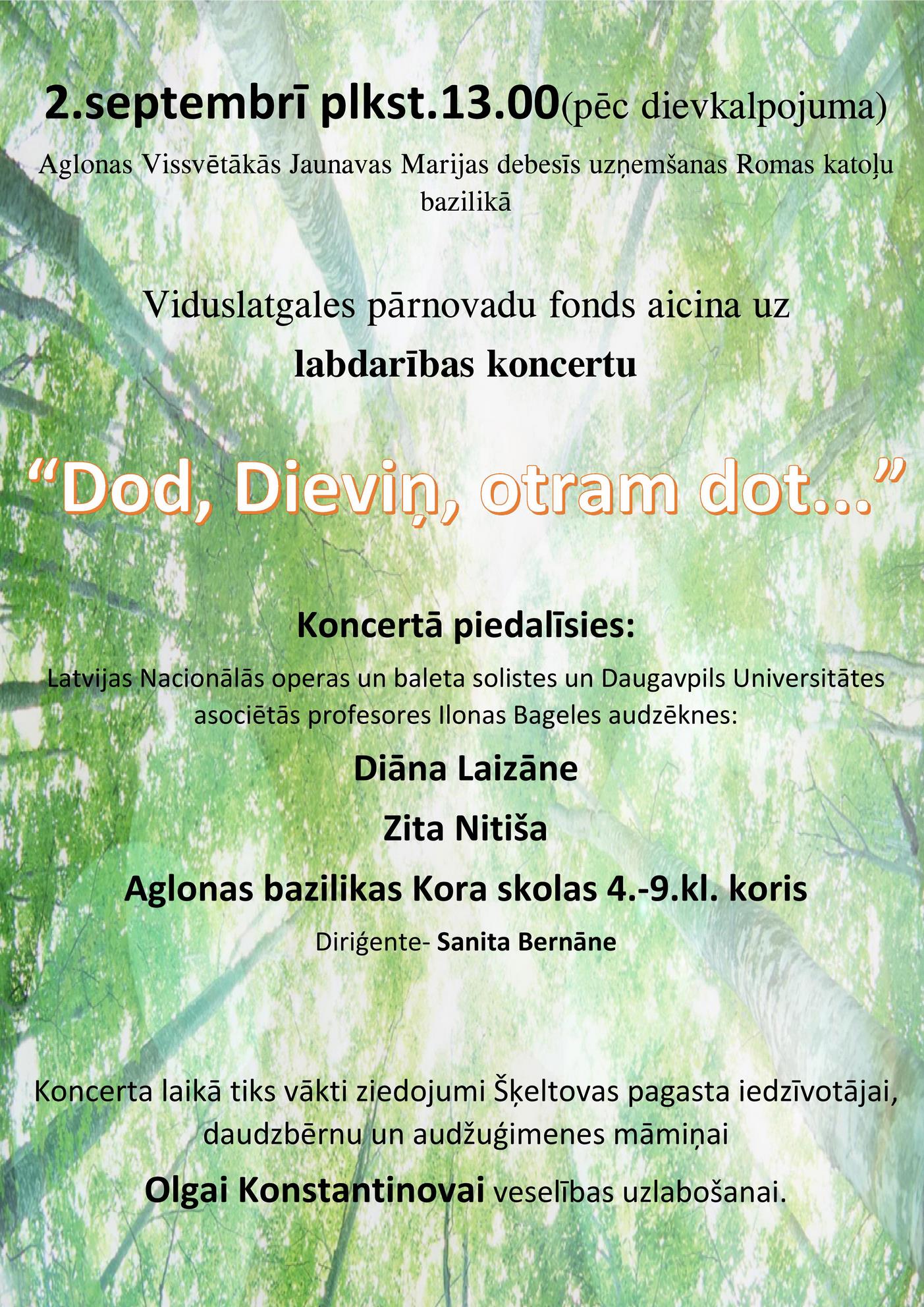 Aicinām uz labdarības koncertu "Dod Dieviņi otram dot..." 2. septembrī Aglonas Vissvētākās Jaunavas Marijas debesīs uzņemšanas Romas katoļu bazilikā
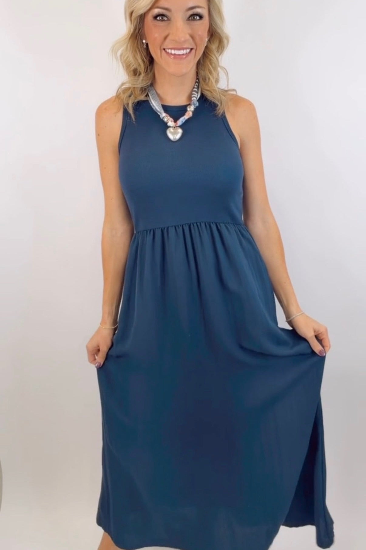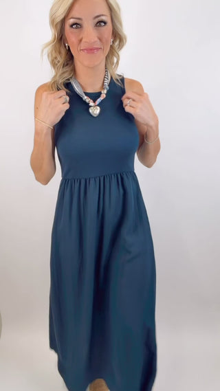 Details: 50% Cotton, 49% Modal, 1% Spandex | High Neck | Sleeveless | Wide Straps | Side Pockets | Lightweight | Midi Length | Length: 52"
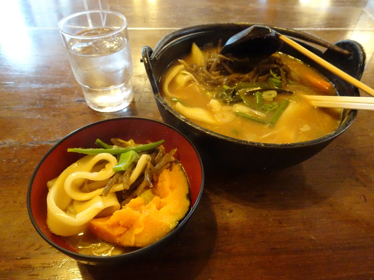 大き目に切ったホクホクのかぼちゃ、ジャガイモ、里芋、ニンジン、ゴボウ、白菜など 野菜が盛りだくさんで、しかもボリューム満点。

_Work instructions_:
Repeat the material above exactly; any picture in it is left out.

_Output of the exercise_:
 Aicinām uz labdarības koncertu "Dod Dieviņi otram dot..." 2. septembrī Aglonas Vissvētākās Jaunavas Marijas debesīs uzņemšanas Romas katoļu bazilikā
 Details: 50% Cotton, 49% Modal, 1% Spandex | High Neck | Sleeveless | Wide Straps | Side Pockets | Lightweight | Midi Length | Length: 52"
 大き目に切ったホクホクのかぼちゃ、ジャガイモ、里芋、ニンジン、ゴボウ、白菜など 野菜が盛りだくさんで、しかもボリューム満点。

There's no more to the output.